## Instructions for the task
Only the pictures stay out; please return all the entries below exactly as written.

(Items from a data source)

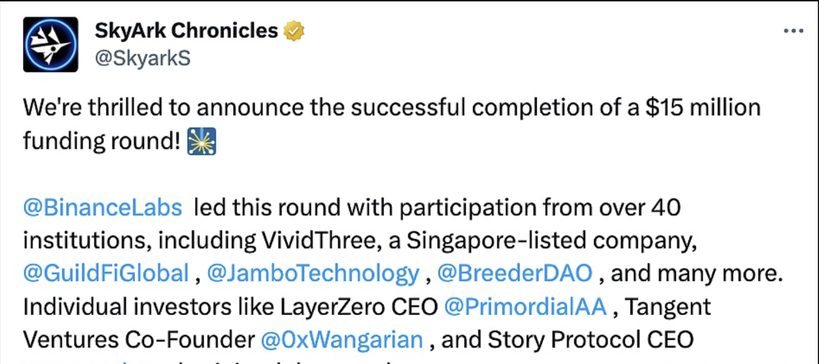 1月12日财经报道,3A游戏平台SkyArk Chronicles在社交媒体上表示,完成1500万美元融资,由Binance Labs领投,VividThree、GuildFi、Jambo、BreederDAO等40多家机构跟投。同时包括LayerZero首席执行官Brian Pelligrino,Tangent Ventures联合创始人Wangarian,Story Protocol首席执行官Lee Seung Yoon等个人投资者参与。
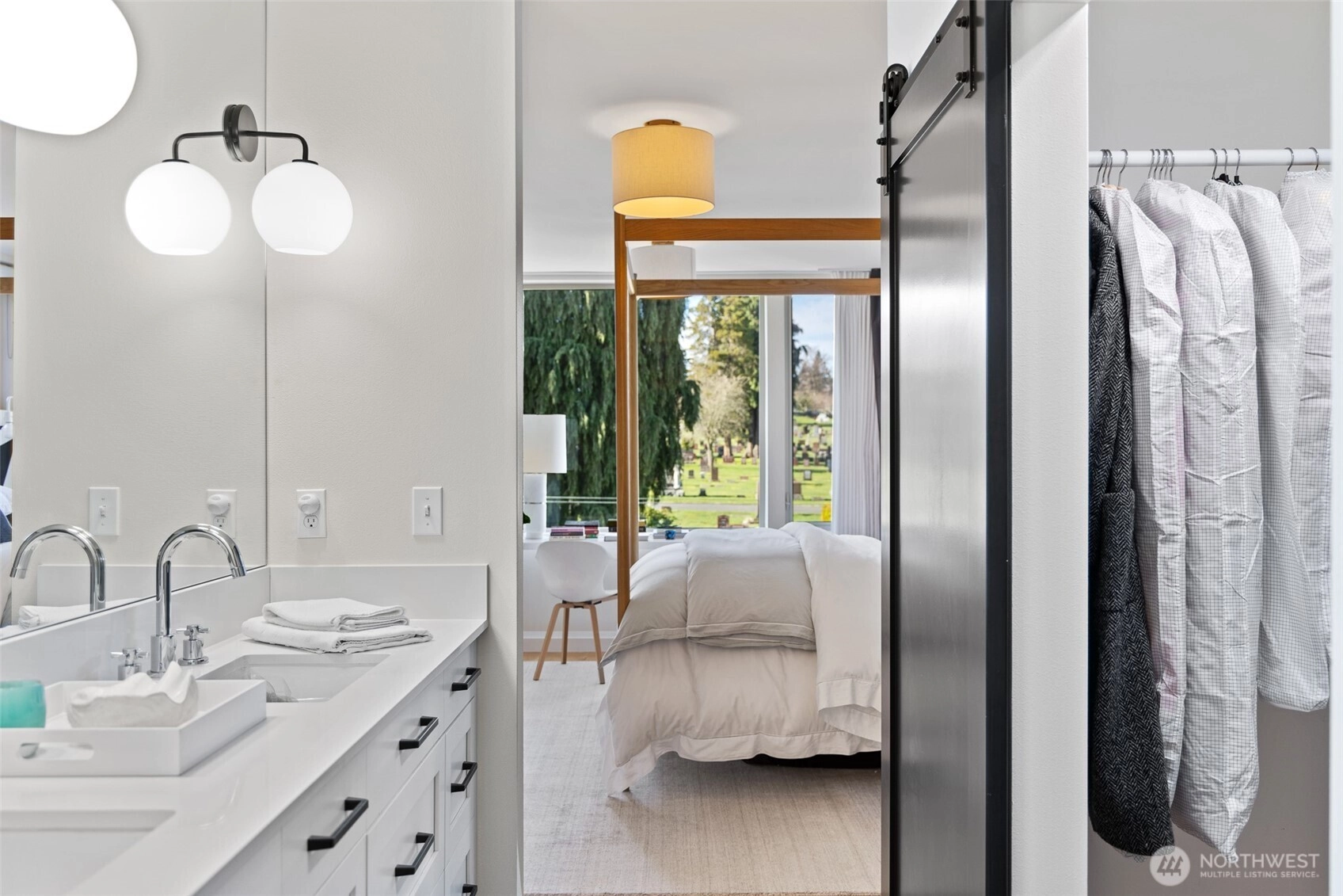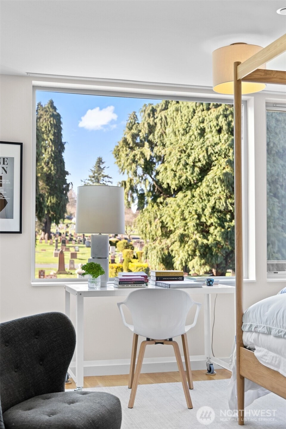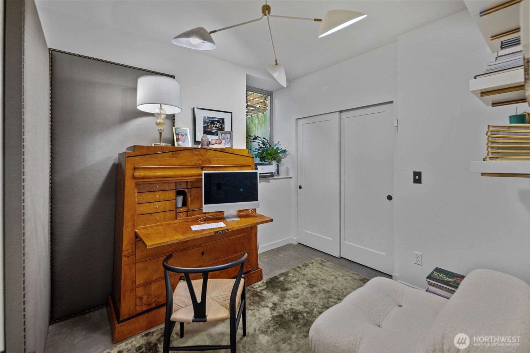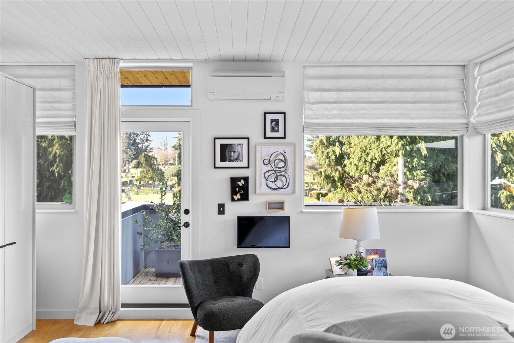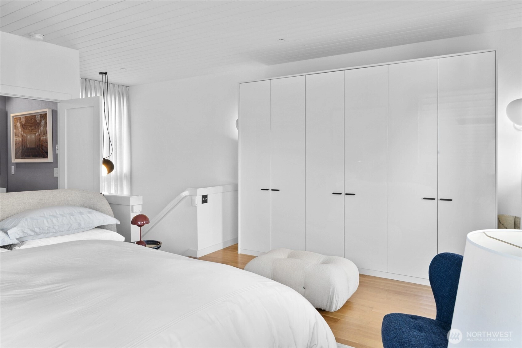 Tailored three bedroom townhouse enclave at the very crest of North Capitol Hill. This 2019 build shines above clipped boxwood hedges and specimen trees. With a western entry, this jewel box of a home with panoramic windows is framed by custom draperies, adding sophistication to the open-concept plan. True hardwoods throughout and bespoke art lighting set the tone for a residence impeccably tailored. Well-sized kitchen with commercial gas cooking to serve any chef's needs is anchored by artful pendant with circular dining table. The generous, adjacent living space, centers the home. Bathrooms on each floor, of course, accentuated by custom wallpaper and custom lighting. The HVAC keeps everyone comfortable throughout the year. A shared courtyard, with seating and potted plants, beckons for al fresco meals. Lower level is served by radiant heating, which makes for a sweet guest suite, currently used as a home office. Another bathroom and access to secured garage completes this level. Second floor awaits, with the 1st guest room ensuite. Tasteful hardwood staircase and dramatic drapery & pendant draw your eye toward the upper landing and 3rd floor primary suite. This top floor with full width balcony offers scenic views to the west over the expanse neighborhood. Generous ensuite and linen draperies adds an indulgent touch. Impeccably styled, in the heart of an established residential neighborhood & stone's throw away from Volunteer Park, vibrant Cap hill.
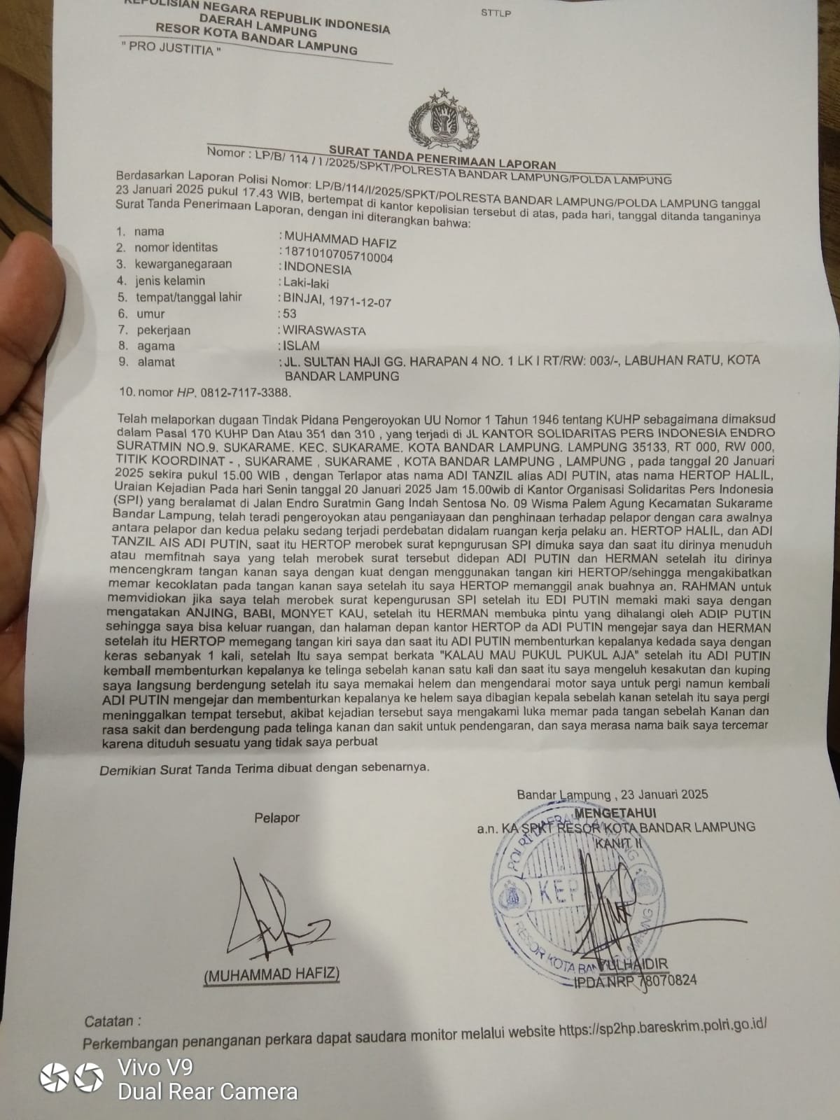 Tidak terima dengan tindakan ketua dan wakil SPI tersebut, Hafiz melaporkan ke POLRESTA Bandar Lampung dengan no LP /B/114/1/2025/SPKT/POLRESTA BANDAR LAMPUNG/POLDA LAMPUNG tanggal 23 Januari 2025.
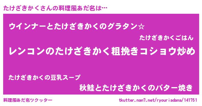 | 意味不明あだ名 | 『自称たけざきかく』 |
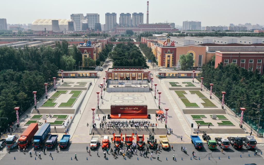 一汽解放卡车在中国第一汽车集团有限公司厂区一号门前进行集中展示(无人机照片)。新华社记者 许畅 摄
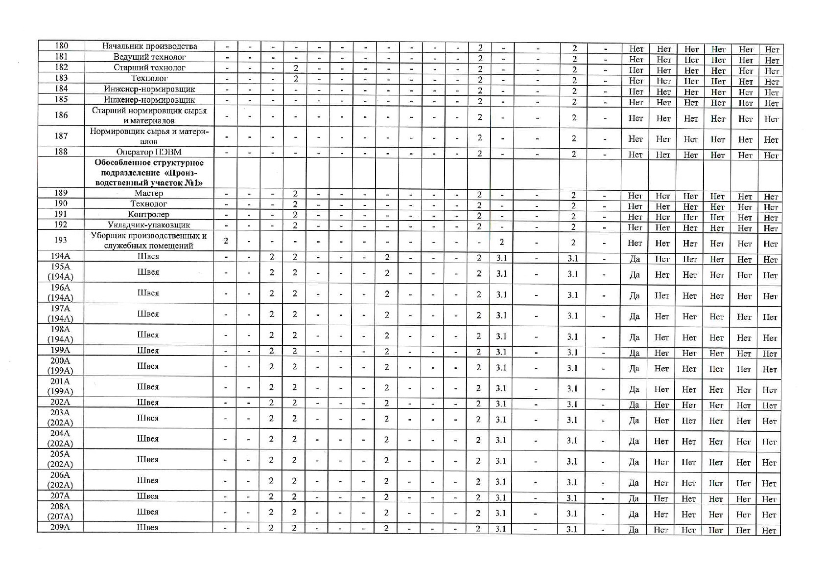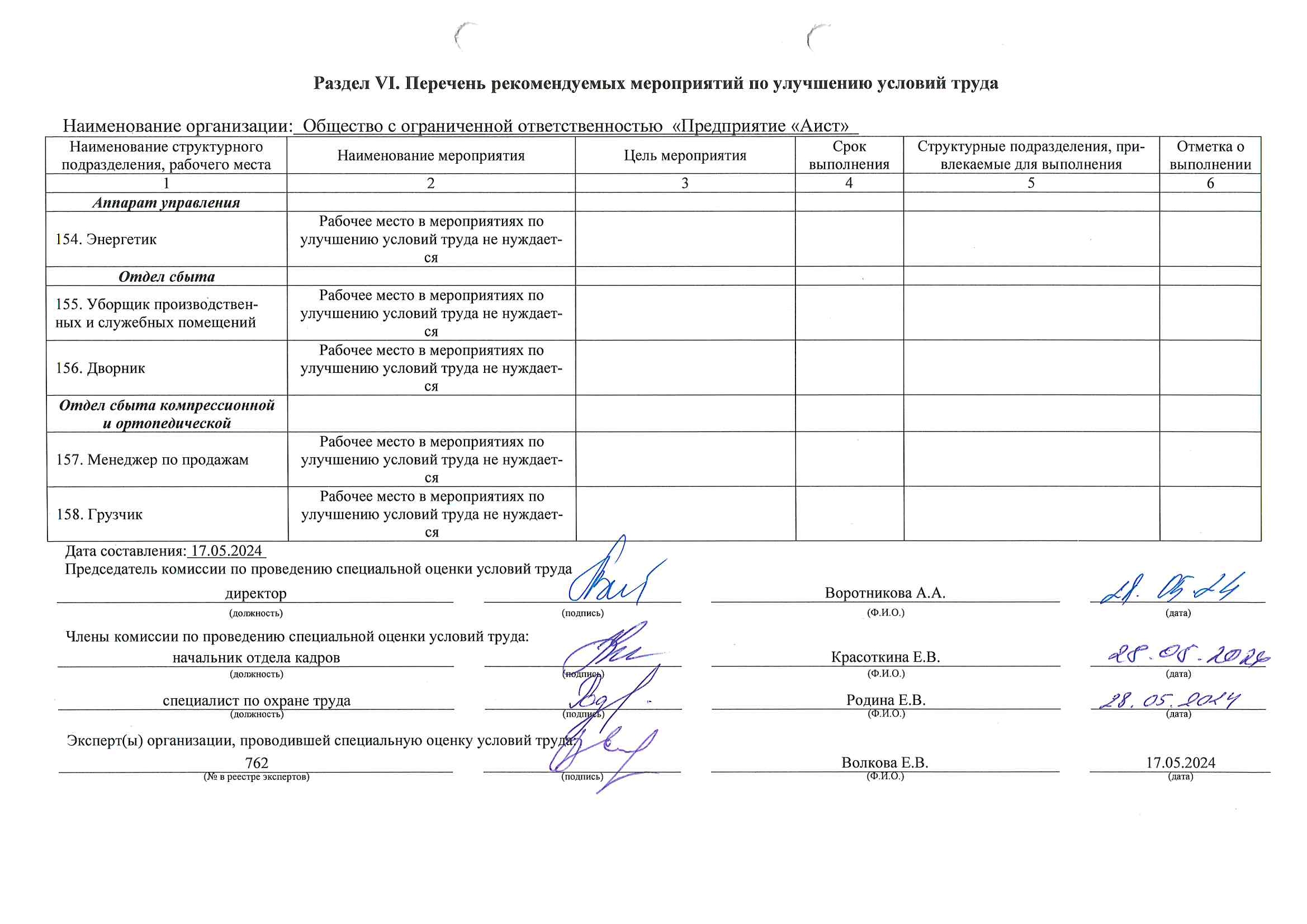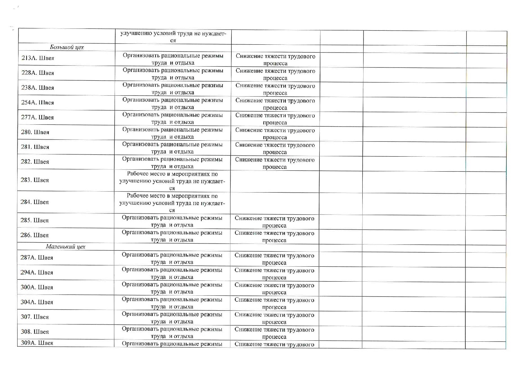 Сводная ведомость результатов проведения специальной оценки условий труда ООО «Предприятие «Аист»
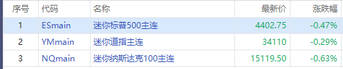 华盛资讯6月23日消息, 美股三大股指期货盘前集体走弱,纳指期货$NQmain 现跌0.63%,标普500指数期货 $ESmain 跌0.47%,道指期货 $YMmain 跌0.29%。
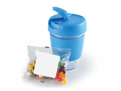 A freshly brewed coffee and yummy jelly beans: What a nice way to start the day! And these promotional sets printed with your logo combine both: A 320ml clear reusable coffee cup with heat resistant silicone sleeve and screw on lid as well as a 50 grams bag of colourful jelly beans.
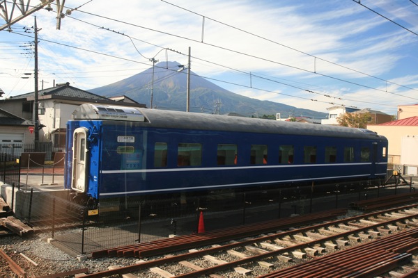 これは「スハネフ14 20」という客車だそうで、寝台特急「富士」のプレートをつけて、土休日には有料で開放されている「下吉田ブルートレインテラス」(おとなもこどもも100円)だそうです。けれど、ネットで見ると、これ自身は「富士」になったことはなく、JR東日本で「さくら」「みずほ」「あさかぜ」「北陸」として運行された車両だそうです。
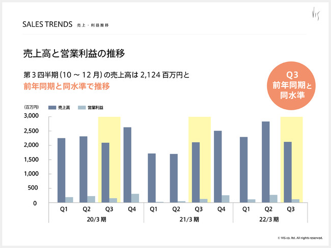 第3四半期(10-12月)の売上高は21億24百万円となり、前年同期と同水準で推移しています。
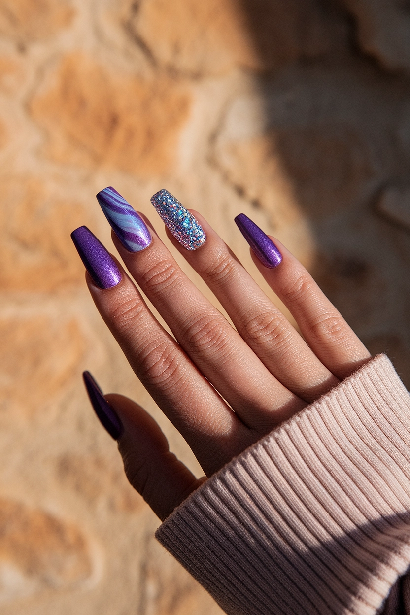 Purple inspired nails take cues from all things purple—from lavender fields to galaxy swirls. These designs use purple as a jumping-off point for creative expression. Let your imagination run wild with different techniques and complementary colors.

## Result of the exercise
 1月12日财经报道,3A游戏平台SkyArk Chronicles在社交媒体上表示,完成1500万美元融资,由Binance Labs领投,VividThree、GuildFi、Jambo、BreederDAO等40多家机构跟投。同时包括LayerZero首席执行官Brian Pelligrino,Tangent Ventures联合创始人Wangarian,Story Protocol首席执行官Lee Seung Yoon等个人投资者参与。
 Tailored three bedroom townhouse enclave at the very crest of North Capitol Hill. This 2019 build shines above clipped boxwood hedges and specimen trees. With a western entry, this jewel box of a home with panoramic windows is framed by custom draperies, adding sophistication to the open-concept plan. True hardwoods throughout and bespoke art lighting set the tone for a residence impeccably tailored. Well-sized kitchen with commercial gas cooking to serve any chef's needs is anchored by artful pendant with circular dining table. The generous, adjacent living space, centers the home. Bathrooms on each floor, of course, accentuated by custom wallpaper and custom lighting. The HVAC keeps everyone comfortable throughout the year. A shared courtyard, with seating and potted plants, beckons for al fresco meals. Lower level is served by radiant heating, which makes for a sweet guest suite, currently used as a home office. Another bathroom and access to secured garage completes this level. Second floor awaits, with the 1st guest room ensuite. Tasteful hardwood staircase and dramatic drapery & pendant draw your eye toward the upper landing and 3rd floor primary suite. This top floor with full width balcony offers scenic views to the west over the expanse neighborhood. Generous ensuite and linen draperies adds an indulgent touch. Impeccably styled, in the heart of an established residential neighborhood & stone's throw away from Volunteer Park, vibrant Cap hill.
 Tidak terima dengan tindakan ketua dan wakil SPI tersebut, Hafiz melaporkan ke POLRESTA Bandar Lampung dengan no LP /B/114/1/2025/SPKT/POLRESTA BANDAR LAMPUNG/POLDA LAMPUNG tanggal 23 Januari 2025.
 | 意味不明あだ名 | 『自称たけざきかく』 |
 一汽解放卡车在中国第一汽车集团有限公司厂区一号门前进行集中展示(无人机照片)。新华社记者 许畅 摄
 Сводная ведомость результатов проведения специальной оценки условий труда ООО «Предприятие «Аист»
 华盛资讯6月23日消息, 美股三大股指期货盘前集体走弱,纳指期货$NQmain 现跌0.63%,标普500指数期货 $ESmain 跌0.47%,道指期货 $YMmain 跌0.29%。
 A freshly brewed coffee and yummy jelly beans: What a nice way to start the day! And these promotional sets printed with your logo combine both: A 320ml clear reusable coffee cup with heat resistant silicone sleeve and screw on lid as well as a 50 grams bag of colourful jelly beans.
 これは「スハネフ14 20」という客車だそうで、寝台特急「富士」のプレートをつけて、土休日には有料で開放されている「下吉田ブルートレインテラス」(おとなもこどもも100円)だそうです。けれど、ネットで見ると、これ自身は「富士」になったことはなく、JR東日本で「さくら」「みずほ」「あさかぜ」「北陸」として運行された車両だそうです。
 第3四半期(10-12月)の売上高は21億24百万円となり、前年同期と同水準で推移しています。
 Purple inspired nails take cues from all things purple—from lavender fields to galaxy swirls. These designs use purple as a jumping-off point for creative expression. Let your imagination run wild with different techniques and complementary colors.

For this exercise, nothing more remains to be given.